Five questions asked over a glowing Jack o’Lantern, under an Autumn moon obscured by passing clouds…in between mouthfuls of candy corn…with Paul Castiglia of Scared Silly: Classic Hollywood Horror-Comedies …
Why is Halloween important to you?
“Important” is too strong a word for me to use in this case. My relationship with Halloween is one of “pure fun.” Specifically for me it’s become a time to revisit some old-school horror flicks (the more black & white the better). I’m not a big costume guy – used to do that more when I was younger. And I’m on a diet so I’m trying to limit my candy consumption!
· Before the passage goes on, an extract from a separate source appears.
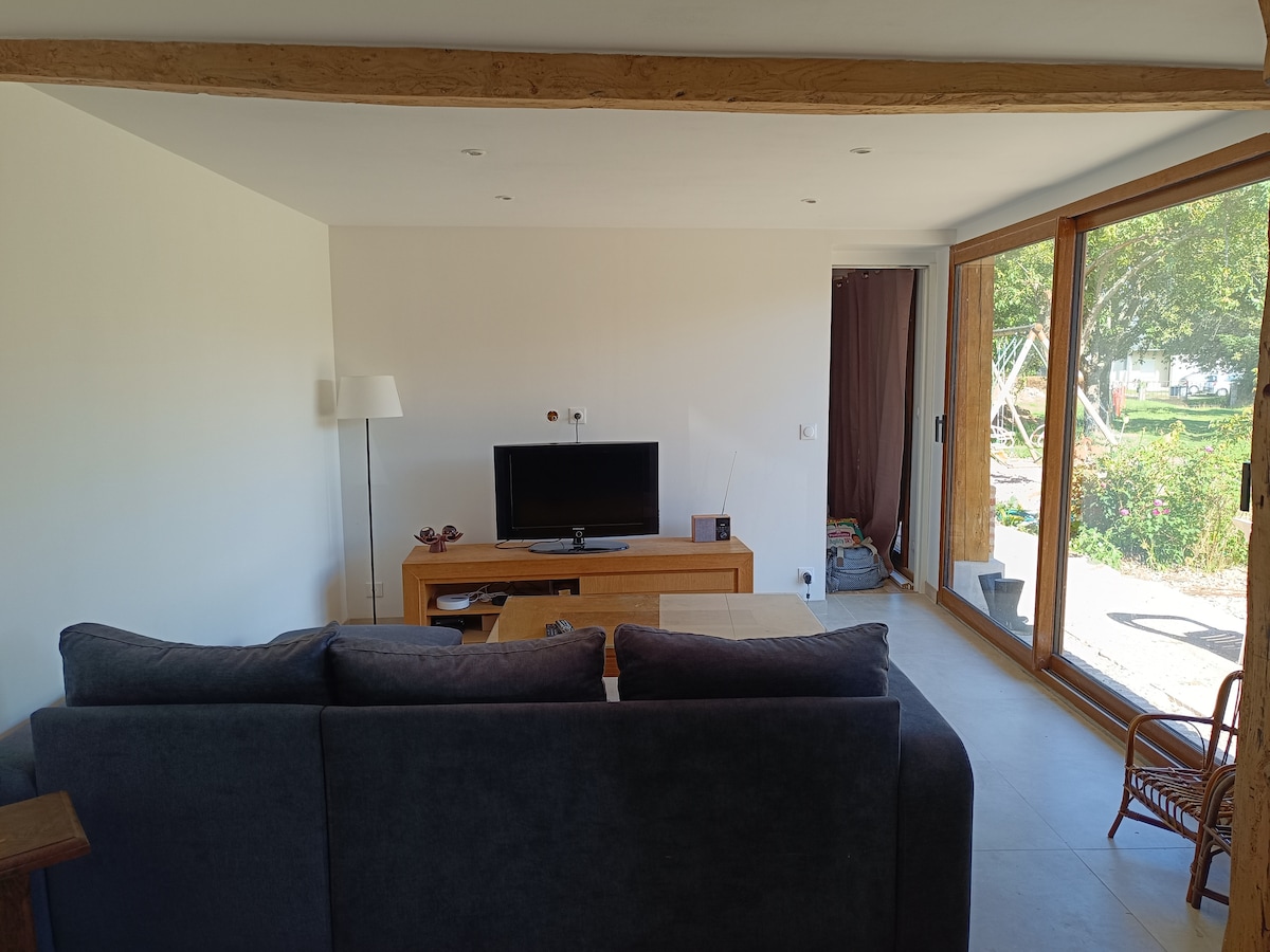 Na nossa residência principal, o seu gîte totalmente independente banhado pelo sol num oásis de vegetação a 10 km do pitoresco porto de Honfleur e de outros locais turísticos é um lugar tranquilo ideal para descansar, como casal ou com um bebé. Por uma pequena taxa, pode vir com 3 pessoas, tem um sofá-cama confortável na sala de estar. Estacionamento ao pé da casa de campo. Cancelamento gratuito. Cama feita à sua chegada, Wi-Fi gratuito.

But there is one thing that has become a Halloween tradition for me: I hold an annual Halloween movie night at my office. I try to keep things on the light side with classic horror films and horror-comedies, or films that fall into the PG realm without graphic content (whether it’s classic TV movies like “The Night Stalker” or recent animated hits like “Monsters vs. Aliens”).
Describe your ideal Halloween.
I think I just did – as long as I can watch some fun spooky movies I’m set!
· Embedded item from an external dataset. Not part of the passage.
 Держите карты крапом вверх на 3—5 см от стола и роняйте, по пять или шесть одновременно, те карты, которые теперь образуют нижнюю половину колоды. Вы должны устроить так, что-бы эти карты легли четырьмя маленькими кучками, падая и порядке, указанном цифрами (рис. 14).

What Halloween collectibles do you cherish, or hate, or both?
I love movie posters and lobby cards, old movie magazines, trading cards, comic books, books about old movies and the films themselves (when I was a kid in the 1970s that meant Super 8 digest versions of the classics; as an adult it’s the entire films on DVD). Not that I actively collect any of the above with the exception of the movies and books about them. But from time-to-time if I run across an interesting item I pick it up.
When was your very first Halloween, the one whereyou really knew it was Halloween, and how was it?
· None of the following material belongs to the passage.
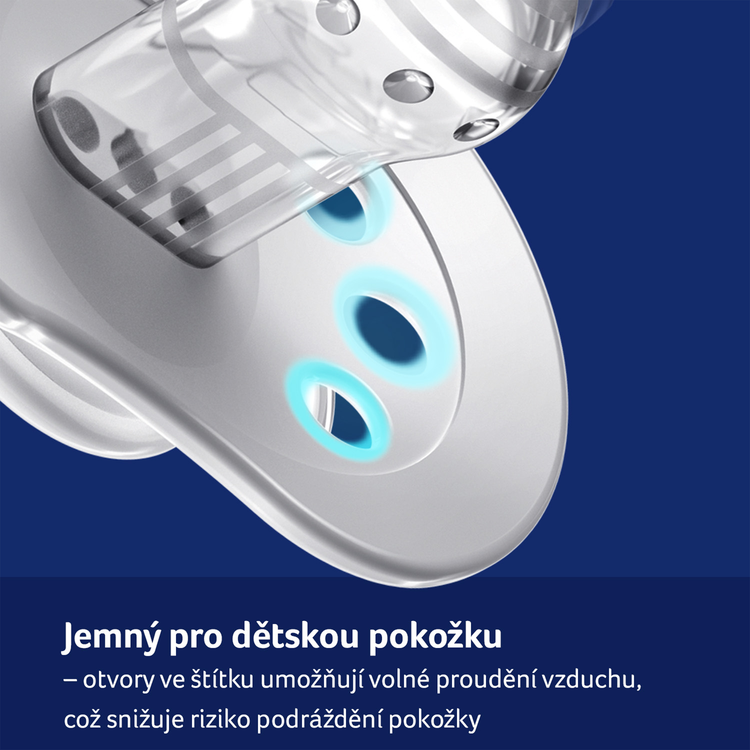 - Tvarovaný vykrojený tvar štítku umožňuje dítěti volně dýchat nosem.

I can’t recall the year but it had to the early 1970s. I had a Batman costume, but it wasn’t one of the cheesy vinyl costumes with the plastic masks – this was a cloth costume with a cloth cape and I believe it may have had a cloth pull-over cowl as well. I’m guessing this was from Sears or some other department store. Within a year or two of that Halloween, my sister and I made a Spider-Man Costume – she sewed it and I used permanent marker to draw all the webbing onto it! It was cool because it had a pull-over mask that fully covered my head and I insisted that we use gauze for the eyes so they could be white (enabling me to still see-through the mask).
What’s the one Halloween question you want to be asked and what’s your answer?
Q: If you could go back in time and watch any movie you wanted in a theater for Halloween, what would it be?
A: My answer would have to be the classic William Castle-directed Vincent Price starrer “The Tingler” – complete with the rigged seats!
Nice selection on “The Tingler!” I’d love to have seen that one in theaters myself, Castle always was the showman-type.